### Material provided
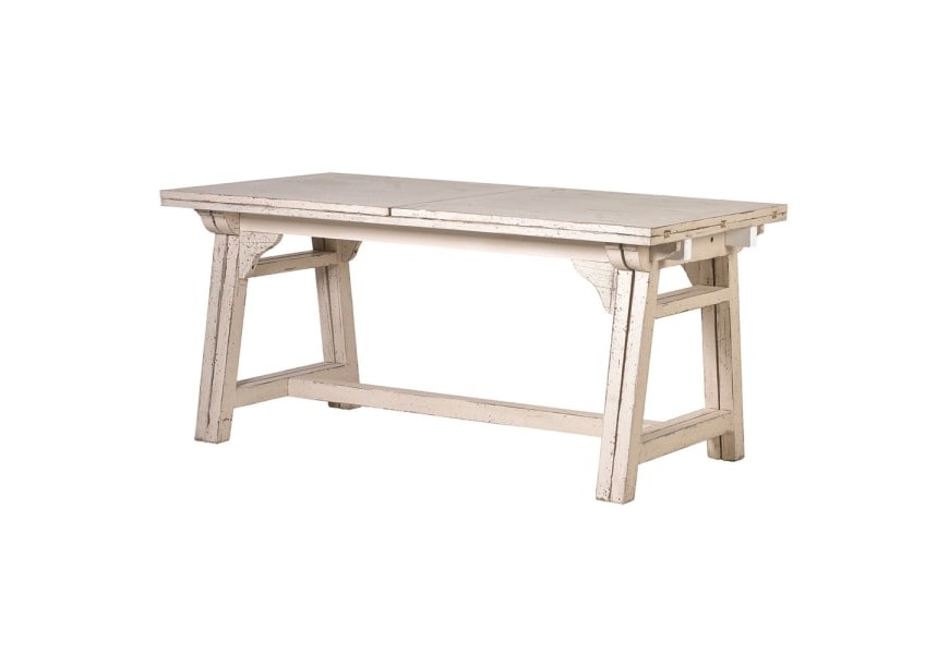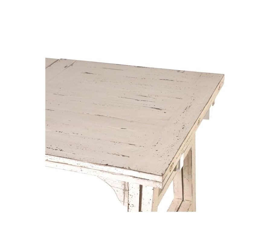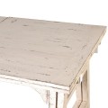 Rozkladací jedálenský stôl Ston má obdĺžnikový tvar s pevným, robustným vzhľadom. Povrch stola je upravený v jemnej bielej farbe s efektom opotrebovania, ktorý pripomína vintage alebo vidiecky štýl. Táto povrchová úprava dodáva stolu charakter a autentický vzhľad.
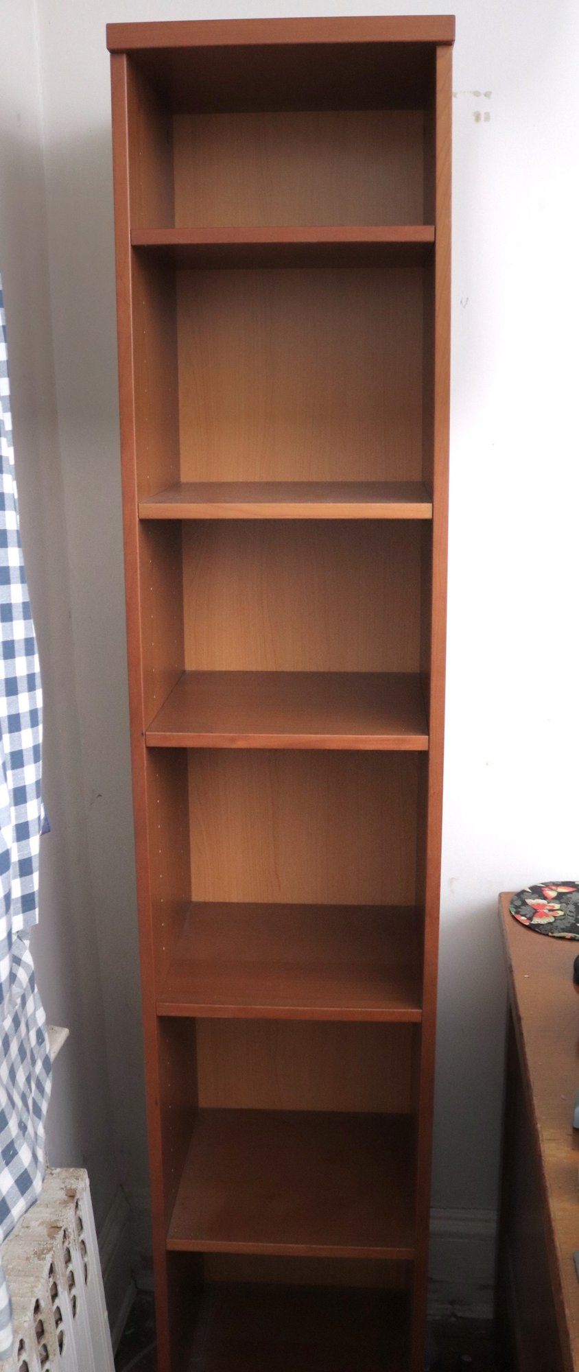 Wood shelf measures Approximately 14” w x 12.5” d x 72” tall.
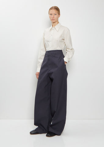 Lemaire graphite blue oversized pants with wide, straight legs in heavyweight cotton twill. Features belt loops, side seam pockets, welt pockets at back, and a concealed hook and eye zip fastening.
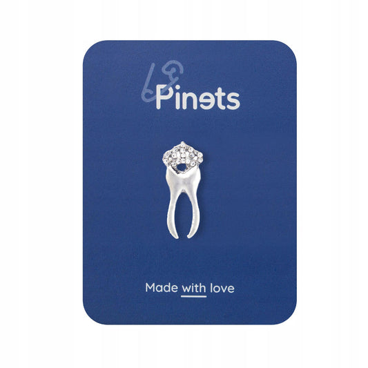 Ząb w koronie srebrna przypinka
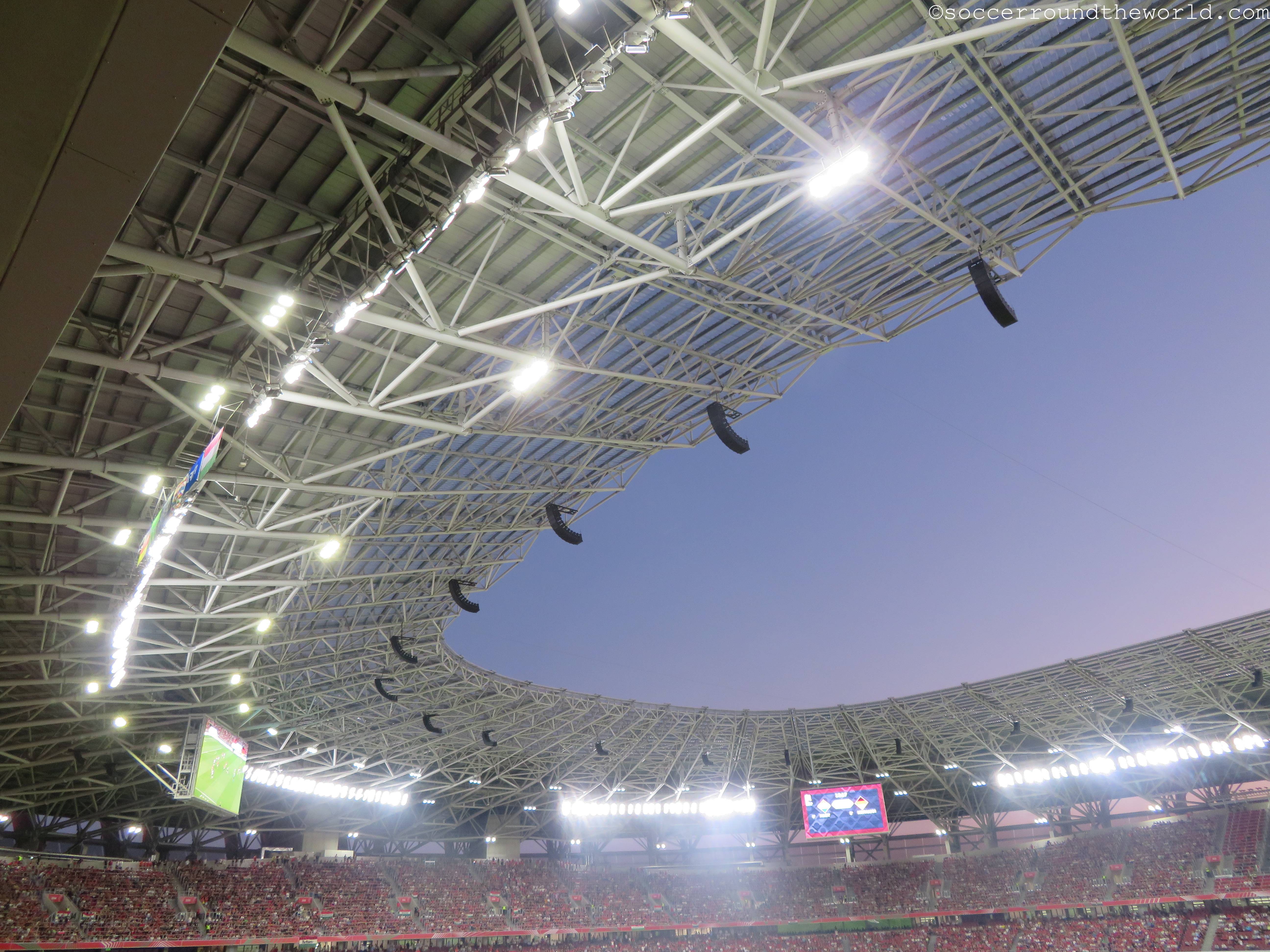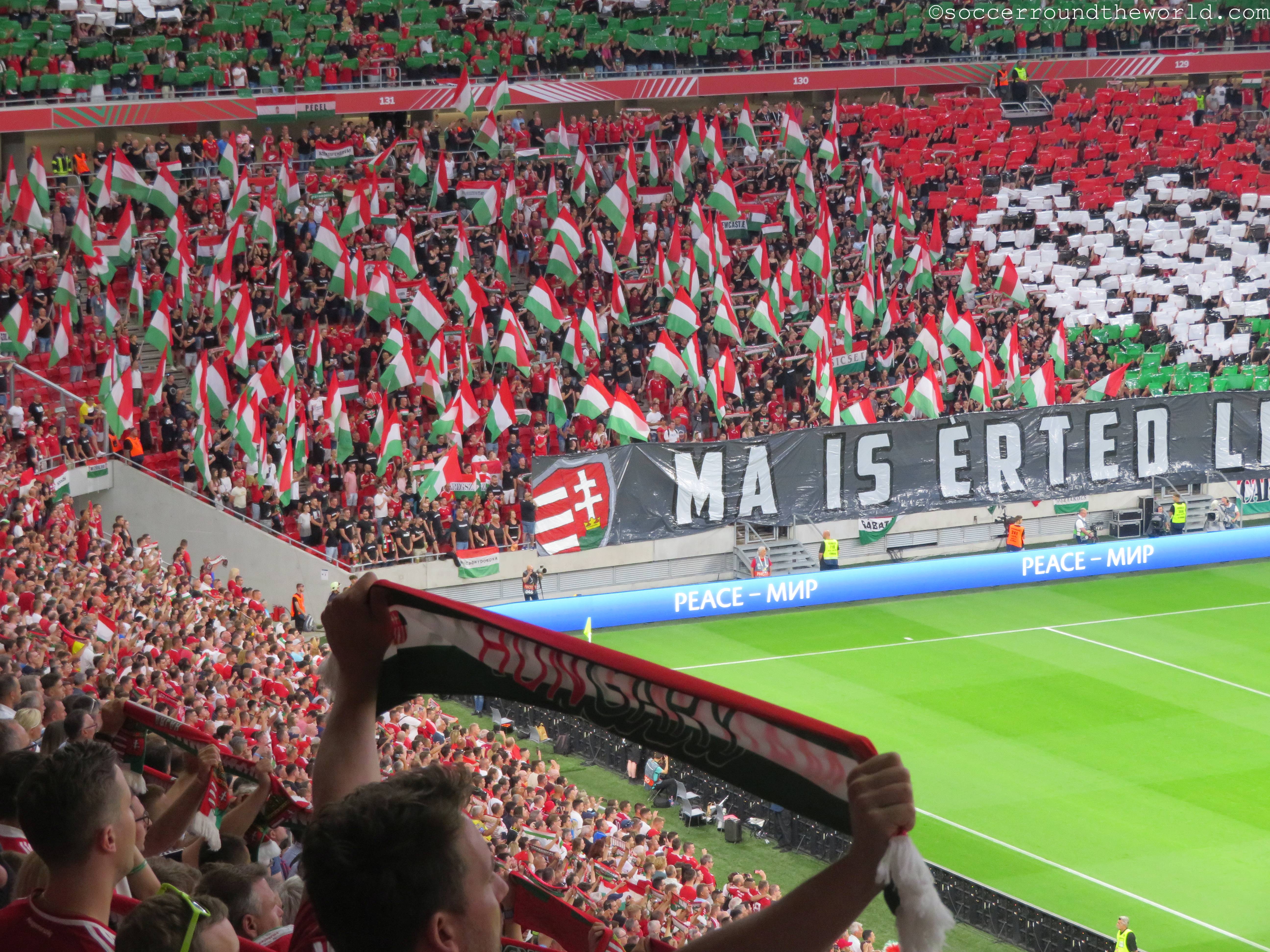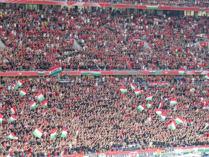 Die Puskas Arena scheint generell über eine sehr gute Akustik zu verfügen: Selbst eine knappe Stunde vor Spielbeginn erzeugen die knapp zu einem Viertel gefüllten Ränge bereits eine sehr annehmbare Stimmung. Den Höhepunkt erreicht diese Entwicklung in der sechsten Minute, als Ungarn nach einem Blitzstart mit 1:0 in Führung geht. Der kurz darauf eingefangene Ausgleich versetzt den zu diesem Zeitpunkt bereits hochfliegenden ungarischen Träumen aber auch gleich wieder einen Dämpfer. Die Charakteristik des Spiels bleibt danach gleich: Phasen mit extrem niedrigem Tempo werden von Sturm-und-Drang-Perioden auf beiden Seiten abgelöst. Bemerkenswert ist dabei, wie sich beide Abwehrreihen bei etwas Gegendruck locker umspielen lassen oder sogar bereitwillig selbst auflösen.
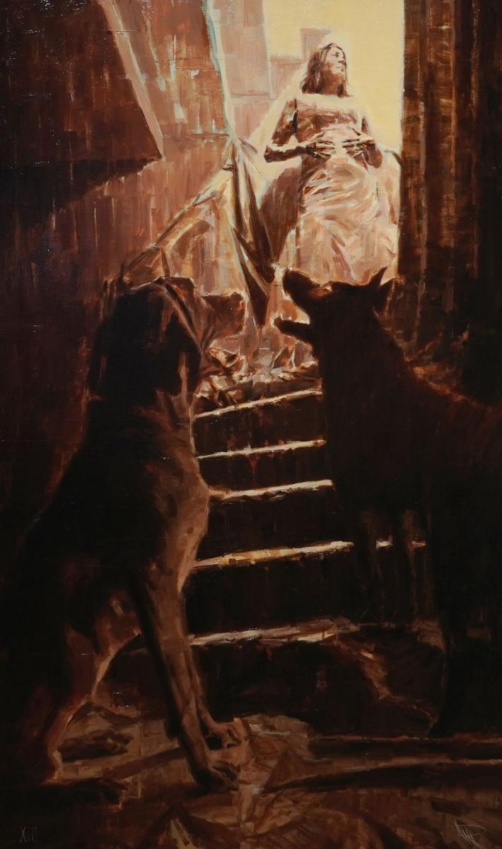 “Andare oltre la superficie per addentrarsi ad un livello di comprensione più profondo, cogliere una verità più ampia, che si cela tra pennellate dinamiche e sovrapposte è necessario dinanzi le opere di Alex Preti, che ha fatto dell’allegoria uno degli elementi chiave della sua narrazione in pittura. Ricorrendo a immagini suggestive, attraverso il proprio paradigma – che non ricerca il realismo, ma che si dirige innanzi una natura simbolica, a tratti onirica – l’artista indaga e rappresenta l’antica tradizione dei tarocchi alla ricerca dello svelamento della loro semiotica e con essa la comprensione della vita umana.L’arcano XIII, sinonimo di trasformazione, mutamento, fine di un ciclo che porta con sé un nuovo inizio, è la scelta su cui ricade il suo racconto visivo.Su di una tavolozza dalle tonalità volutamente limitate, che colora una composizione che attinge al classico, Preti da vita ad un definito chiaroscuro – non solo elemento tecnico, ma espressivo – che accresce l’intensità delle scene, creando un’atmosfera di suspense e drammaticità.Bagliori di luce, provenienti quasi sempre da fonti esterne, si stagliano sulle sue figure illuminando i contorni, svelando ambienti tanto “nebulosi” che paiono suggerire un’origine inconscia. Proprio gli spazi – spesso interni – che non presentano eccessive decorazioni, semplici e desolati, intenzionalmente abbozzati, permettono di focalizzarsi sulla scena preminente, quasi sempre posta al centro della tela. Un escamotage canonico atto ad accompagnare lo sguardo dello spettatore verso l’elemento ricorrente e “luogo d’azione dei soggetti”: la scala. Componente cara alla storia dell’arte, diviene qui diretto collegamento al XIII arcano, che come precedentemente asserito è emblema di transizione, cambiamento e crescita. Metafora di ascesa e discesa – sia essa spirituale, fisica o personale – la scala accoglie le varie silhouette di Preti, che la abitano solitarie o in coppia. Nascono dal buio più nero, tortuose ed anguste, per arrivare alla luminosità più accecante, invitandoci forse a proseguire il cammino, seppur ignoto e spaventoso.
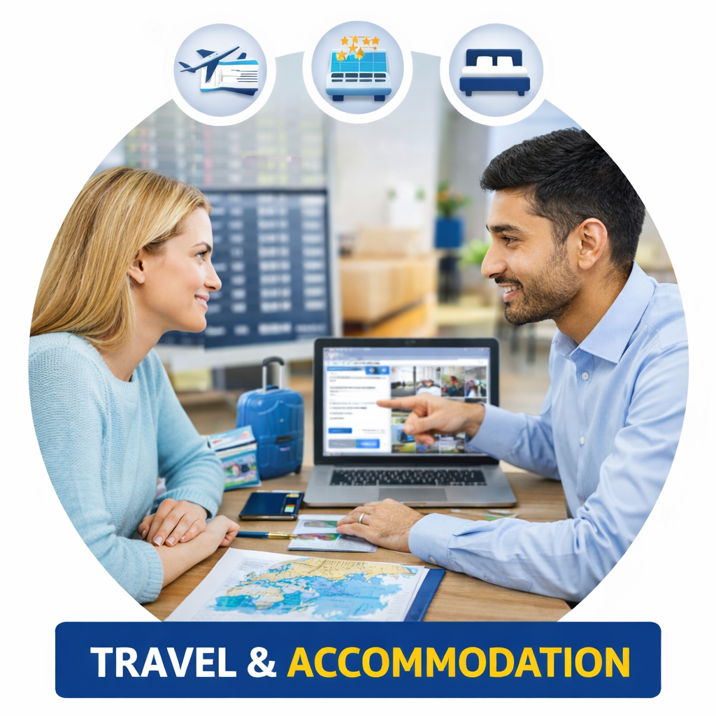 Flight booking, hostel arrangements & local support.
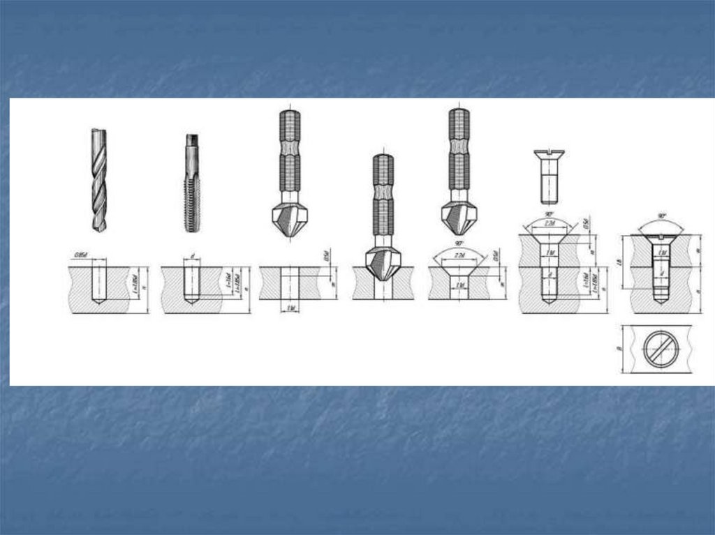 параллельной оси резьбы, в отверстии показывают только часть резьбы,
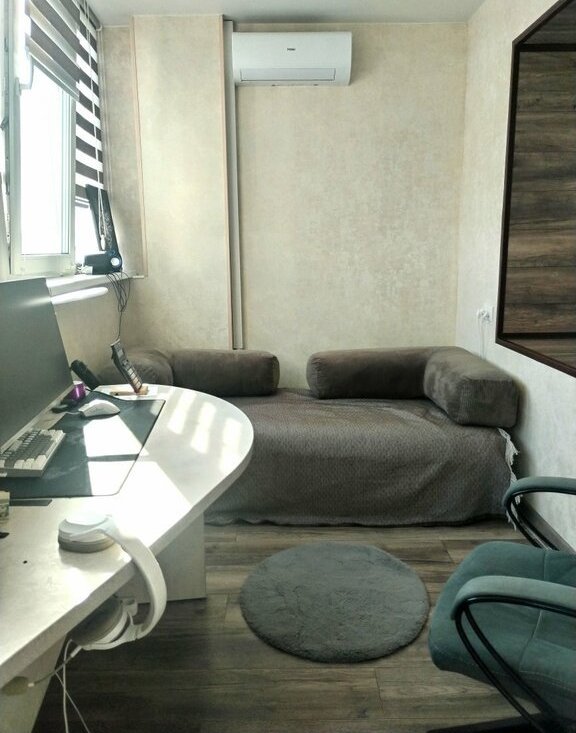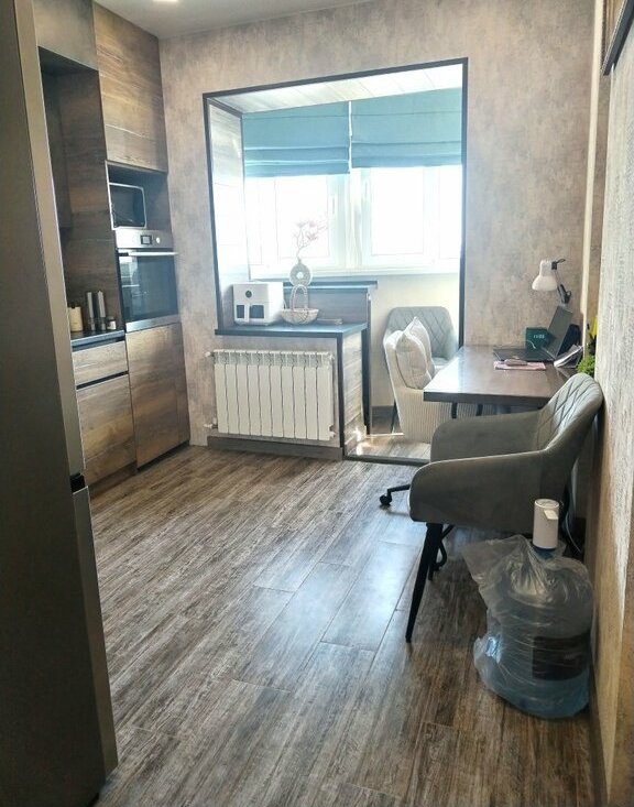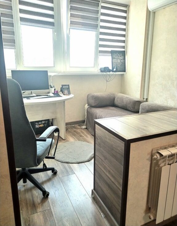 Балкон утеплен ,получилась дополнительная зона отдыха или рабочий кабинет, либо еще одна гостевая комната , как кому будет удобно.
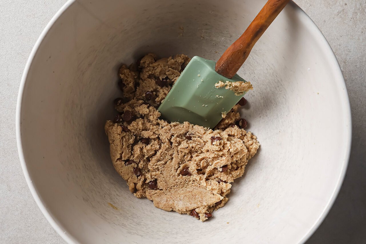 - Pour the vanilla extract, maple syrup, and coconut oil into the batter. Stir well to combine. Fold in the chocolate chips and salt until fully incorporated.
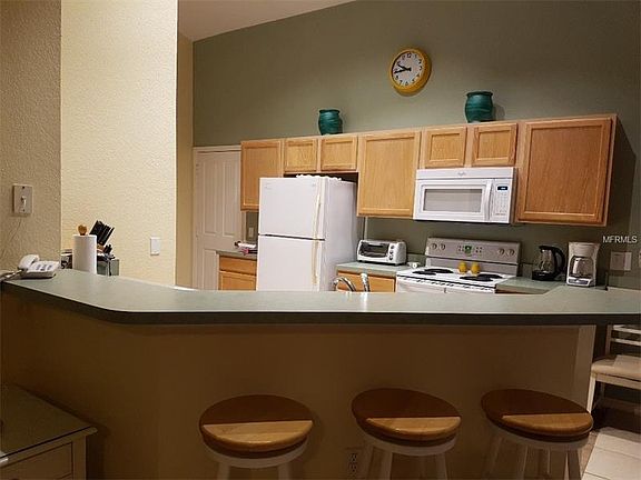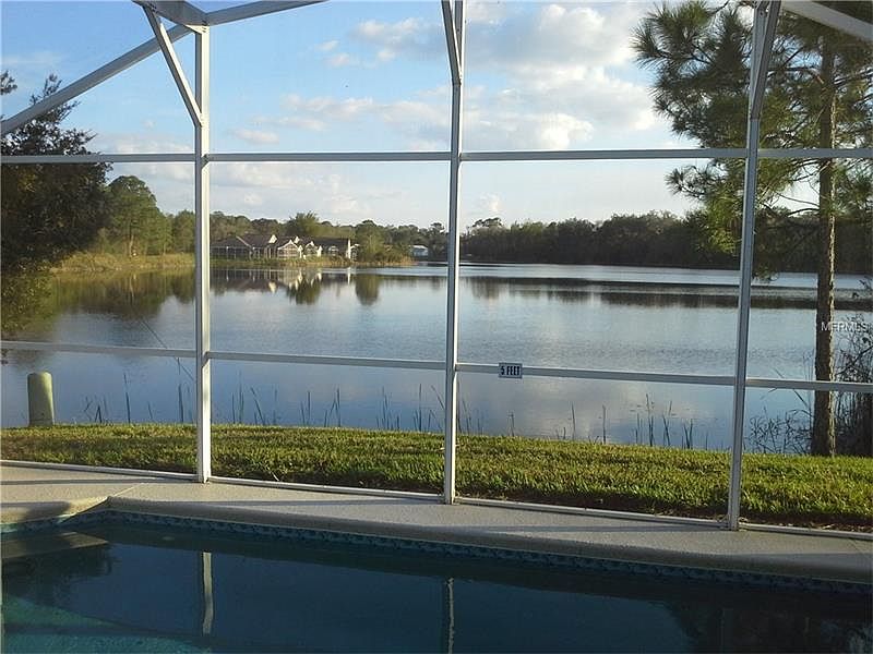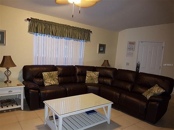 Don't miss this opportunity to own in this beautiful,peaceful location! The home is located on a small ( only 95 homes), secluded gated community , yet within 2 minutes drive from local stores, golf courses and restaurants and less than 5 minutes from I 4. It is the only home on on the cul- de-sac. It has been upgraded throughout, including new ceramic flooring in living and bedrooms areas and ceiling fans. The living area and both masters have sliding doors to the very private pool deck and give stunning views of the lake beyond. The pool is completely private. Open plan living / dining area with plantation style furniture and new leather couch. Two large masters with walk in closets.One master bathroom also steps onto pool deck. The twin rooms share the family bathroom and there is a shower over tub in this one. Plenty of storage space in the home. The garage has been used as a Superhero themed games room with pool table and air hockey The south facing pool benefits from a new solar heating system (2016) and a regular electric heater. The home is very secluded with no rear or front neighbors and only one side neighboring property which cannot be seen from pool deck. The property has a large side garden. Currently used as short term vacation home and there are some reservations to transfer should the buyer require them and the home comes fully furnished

### Exercise
Your answer should be the exact lines above from the one containing "Wood shelf measures" through the one containing "Die Puskas Arena", with both end lines kept and the pictures removed, please.

### Response area
 Wood shelf measures Approximately 14” w x 12.5” d x 72” tall.
 Lemaire graphite blue oversized pants with wide, straight legs in heavyweight cotton twill. Features belt loops, side seam pockets, welt pockets at back, and a concealed hook and eye zip fastening.
 Ząb w koronie srebrna przypinka
 Die Puskas Arena scheint generell über eine sehr gute Akustik zu verfügen: Selbst eine knappe Stunde vor Spielbeginn erzeugen die knapp zu einem Viertel gefüllten Ränge bereits eine sehr annehmbare Stimmung. Den Höhepunkt erreicht diese Entwicklung in der sechsten Minute, als Ungarn nach einem Blitzstart mit 1:0 in Führung geht. Der kurz darauf eingefangene Ausgleich versetzt den zu diesem Zeitpunkt bereits hochfliegenden ungarischen Träumen aber auch gleich wieder einen Dämpfer. Die Charakteristik des Spiels bleibt danach gleich: Phasen mit extrem niedrigem Tempo werden von Sturm-und-Drang-Perioden auf beiden Seiten abgelöst. Bemerkenswert ist dabei, wie sich beide Abwehrreihen bei etwas Gegendruck locker umspielen lassen oder sogar bereitwillig selbst auflösen.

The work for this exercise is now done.